Auteurs : Mirallès & Ruiz Editeur : Dargaud
Je vous parle d’un temps que les gens de vingt ans ne peuvent pas connaître. Dans la BD de ce temps-là, la fin des années 70, Jacques Glénat était un éditeur encore frais, regardé avec un chouïa de condescendance par ses confrères. Puis parut le miracle : le premier tome des Passagers du vent de Bourgeon, primé à Angoulème, mélange alors inédit d’histoire, de sensualité et de violence. Cette série cultissime fit vibrer les lecteurs comme jamais pendant quatre ans et n’a jamais depuis quitté les bacs des libraires.
Devant ce succès phénoménal, Glénat sent le vent tourner et décide illico d’embarquer avec les passagers. Il systématise la "recette Bourgeon". Quelques dizaines de dessinateurs et scénaristes exploreront, à grand renfort de sexe et d’hémoglobine, les recoins de l’Histoire, de Gengis Khan aux conquistadores, de la croisade contre les Cathares à l’épopée napoléonienne.
Bien entendu, les résultats sont de qualité inégale, et bon nombre de ces séries ne sont que ce qu’elles sont : l’application sans grande originalité, donc oubliable, d’une recette. Il y eut cependant quelques œuvres marquantes, dont la plus connue reste la saga tentaculaire des 7 vies de l’Epervier et ses séries annexes.
C’est dans cette mouvance que sont parus, entre 1997 et 1999, que sont les trois tomes d’A la recherche de la Licorne, petit miracle d’intelligence et de sensibilité qui passa alors complètement inaperçu.
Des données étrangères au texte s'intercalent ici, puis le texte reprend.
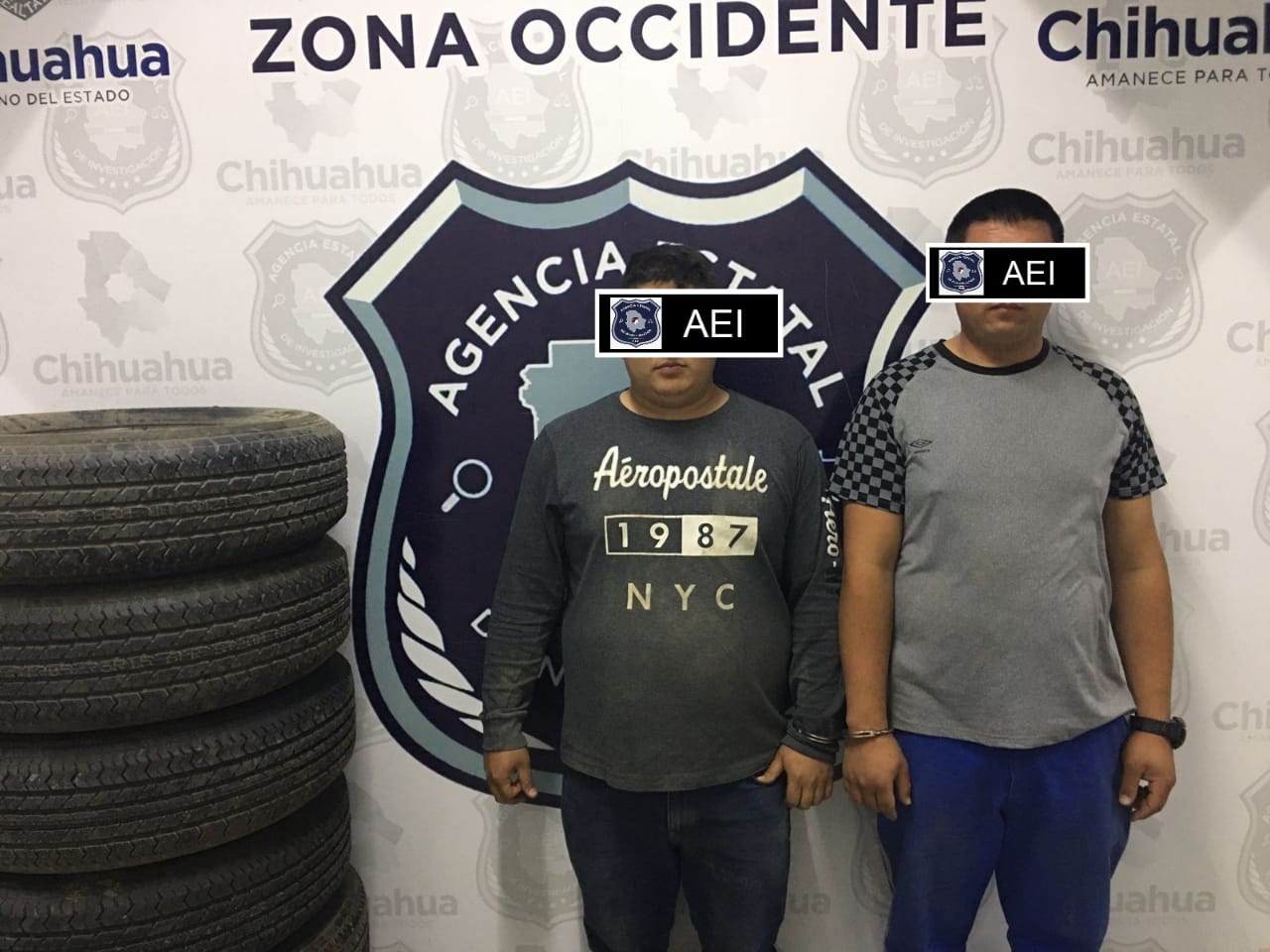 Cuauhtémoc.- Elementos de la Agencia Estatal de Investigación (AEI), detuvieron dentro del término de flagrancia a dos sujetos en posesión de llantas que habían sustraído de un negocio la noche de ayer.

Or donc, en ces temps reculés, Ana Mirallès était déjà une dessinatrice ibère (une rareté) de talent. Elle avait connu un certain succès avec la série Eva Medusa (1991-1996), mais ne savait pas encore que la gloire l’attendrait un peu plus tard avec Djinn (2001-2007). Entre les deux, elle et son compagnon, Emilio Ruiz, sont tombés amoureux du roman de Juan Eslava Galan, A la recherche de la Licorne, best-seller en Espagne où il avait reçu le Prix Planeta (équivalent du Goncourt). Ils avaient obtenu l’accord enthousiaste de l’auteur et de sa maison d’édition pour une adaptation BD. Dans ce long roman historique et picaresque, qui est au récit de voyage ce que Le nom de la Rose est au polar, le romancier faisait parcourir l’Afrique à une expédition destinée à guérir le roi Enrique IV de Castille de sa notoire impuissance. Rien de plus simple : il suffit de lui faire ingurgiter de la poudre de corne de licorne, animal qui, comme chacun sait, prolifère dans le Continent Noir… Mais l’Afrique est grande et inconnue. Ce voyage durera près de vingt ans – deux fois plus que le retour d’Ulysse à Ithaque.
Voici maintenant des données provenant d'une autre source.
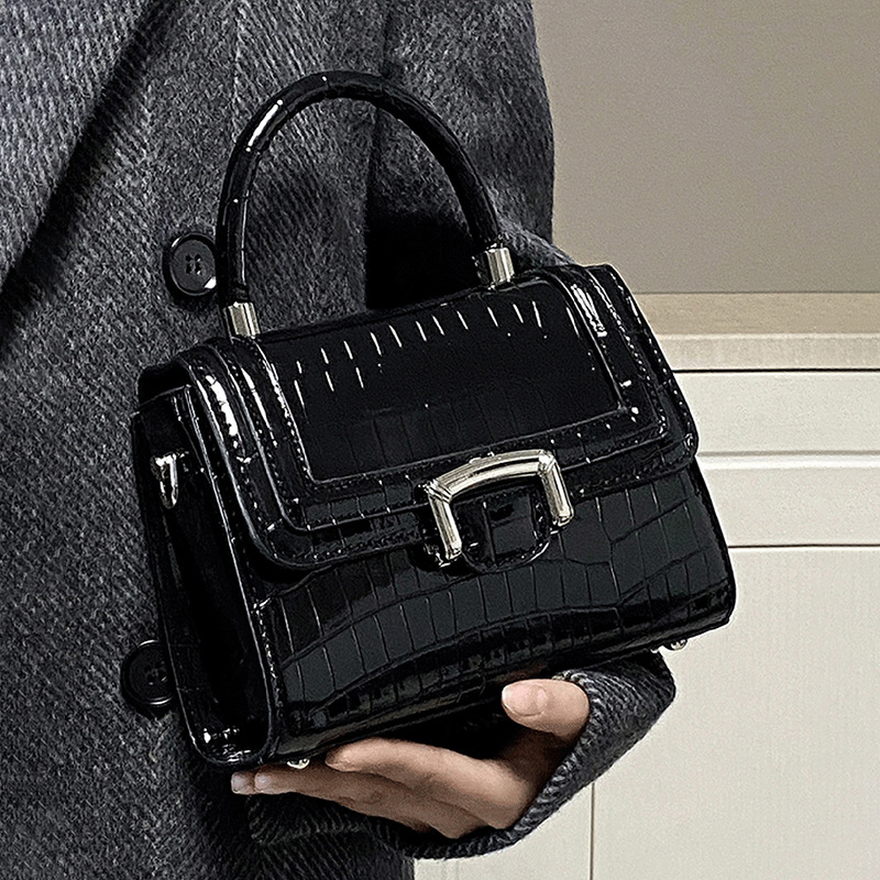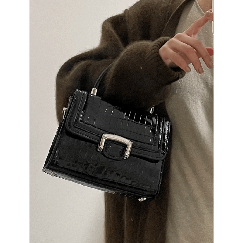 가방 여성의 2024 새로운 하이 엔드 센스 악어 잠금 휴대용 작은 광장 가방 캐주얼 올 매치 숄더 크로스 바디 백

Mirallès et Ruiz furent respectueux de l’esprit de Galan, qui lui-même respectait l’esprit, la psychologie et la culture du XVe siècle espagnol. Le décalage avec l’esprit du lecteur du XXe (ou XXIe) siècle suffit en lui-même à créer la dose d’humour (ou d’horreur parfois) qui justifie la lecture. L’élégance graphique de Mirallès fait le reste : A la recherche de la Licorne est un pur et simple bijou, et ce même si le récit, commencé dans la douceur et le rire, verse peu à peu dans le tragique et se termine dans l’amertume.
Notons, de plus, que l’édition originale en trois volumes dans la collection Vécu de Glénat donnait à l’œuvre un aspect un peu "cheap". La présente intégrale chez Dargaud rend enfin justice à une épopée qui a sa place dans la bibliothèque de tout honnête homme, comme on disait en un temps que les gens de 120 ans ne peuvent pas connaître.